Недолго думая, Золушка побежала за платьем. Отсчитывая сначала часы, а потом и минуты до того мига, когда она, наконец, отмоет сажу и наденет это великолепное светло-зелёное платье и отправится на бал в парадной карете. Уже через четыре минуты она вновь стояла перед баронессой с коробкой, в которой покоился её наряд. Гудруна с каменным лицом приняла у неё коробку, открыла крышку и вынула платье.

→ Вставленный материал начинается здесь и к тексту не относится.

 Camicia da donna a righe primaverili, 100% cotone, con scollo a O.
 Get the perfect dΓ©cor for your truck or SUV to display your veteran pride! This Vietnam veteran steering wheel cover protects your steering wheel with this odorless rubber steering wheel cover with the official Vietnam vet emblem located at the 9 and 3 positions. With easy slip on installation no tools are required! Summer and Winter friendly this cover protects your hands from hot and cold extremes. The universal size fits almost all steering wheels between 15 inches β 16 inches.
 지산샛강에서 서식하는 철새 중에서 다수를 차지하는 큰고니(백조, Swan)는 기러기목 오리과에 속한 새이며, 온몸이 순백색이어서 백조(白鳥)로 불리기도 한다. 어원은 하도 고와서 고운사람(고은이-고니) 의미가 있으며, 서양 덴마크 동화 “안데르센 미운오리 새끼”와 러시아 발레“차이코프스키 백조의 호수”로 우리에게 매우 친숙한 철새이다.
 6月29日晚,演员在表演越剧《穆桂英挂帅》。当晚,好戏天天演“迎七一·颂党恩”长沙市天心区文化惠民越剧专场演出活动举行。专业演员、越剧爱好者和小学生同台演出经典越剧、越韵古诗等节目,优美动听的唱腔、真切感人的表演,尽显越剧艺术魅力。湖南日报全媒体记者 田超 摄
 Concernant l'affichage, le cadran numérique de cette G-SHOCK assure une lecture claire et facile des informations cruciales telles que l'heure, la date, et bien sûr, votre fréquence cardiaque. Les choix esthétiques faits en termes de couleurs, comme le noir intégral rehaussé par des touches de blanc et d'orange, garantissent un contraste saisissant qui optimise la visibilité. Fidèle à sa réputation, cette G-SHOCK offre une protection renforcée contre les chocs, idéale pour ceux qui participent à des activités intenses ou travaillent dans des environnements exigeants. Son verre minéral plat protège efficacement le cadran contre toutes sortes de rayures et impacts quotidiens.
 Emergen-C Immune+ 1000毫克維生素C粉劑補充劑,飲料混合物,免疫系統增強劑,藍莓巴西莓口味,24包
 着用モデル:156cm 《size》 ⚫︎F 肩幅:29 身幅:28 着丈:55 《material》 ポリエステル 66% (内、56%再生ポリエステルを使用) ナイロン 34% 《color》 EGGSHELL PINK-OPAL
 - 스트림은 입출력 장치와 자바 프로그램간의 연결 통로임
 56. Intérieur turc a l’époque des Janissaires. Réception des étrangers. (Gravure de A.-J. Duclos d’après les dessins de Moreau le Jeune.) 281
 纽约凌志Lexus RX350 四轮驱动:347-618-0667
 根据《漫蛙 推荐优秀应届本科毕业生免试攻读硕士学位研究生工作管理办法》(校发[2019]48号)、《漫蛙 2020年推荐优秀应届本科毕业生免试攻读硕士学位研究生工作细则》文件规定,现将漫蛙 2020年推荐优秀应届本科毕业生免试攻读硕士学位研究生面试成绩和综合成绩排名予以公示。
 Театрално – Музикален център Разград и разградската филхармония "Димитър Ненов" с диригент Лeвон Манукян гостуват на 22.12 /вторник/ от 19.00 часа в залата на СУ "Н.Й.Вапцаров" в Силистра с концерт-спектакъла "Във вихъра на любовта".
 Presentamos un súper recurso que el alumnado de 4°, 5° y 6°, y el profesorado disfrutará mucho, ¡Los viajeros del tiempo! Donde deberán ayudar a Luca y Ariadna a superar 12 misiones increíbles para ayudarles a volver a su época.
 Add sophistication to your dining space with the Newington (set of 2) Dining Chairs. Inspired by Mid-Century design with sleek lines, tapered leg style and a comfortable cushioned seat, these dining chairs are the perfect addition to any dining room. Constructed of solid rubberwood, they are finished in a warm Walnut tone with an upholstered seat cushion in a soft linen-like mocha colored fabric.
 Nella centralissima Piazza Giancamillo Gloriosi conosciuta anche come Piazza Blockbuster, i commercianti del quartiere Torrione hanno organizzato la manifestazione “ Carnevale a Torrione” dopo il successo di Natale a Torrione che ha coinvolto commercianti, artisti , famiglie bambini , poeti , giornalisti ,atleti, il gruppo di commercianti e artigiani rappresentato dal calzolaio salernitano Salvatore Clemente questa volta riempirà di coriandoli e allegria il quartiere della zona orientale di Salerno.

– Я так и думала, – зацокала языком она, – при послеполуденном освещении оно именно такого цвета, какого я бы желала иметь траву на лужайке перед домом постоянно. А теперь такая пора, что травка бледная и пожухшая… Цвет твоего платья, милочка, расстраивает меня. Неужели ты желаешь, чтобы твоя ненаглядная матушка была в плохом настроении на княжеском балу?
Сёстры нервно захихикали, а Золушка насторожилась – она почувствовала, что старуха приготовила её неприятный сюрприз.
– Нисколько, матушка, – ответила она, – я бы никогда такого вам не пожелала.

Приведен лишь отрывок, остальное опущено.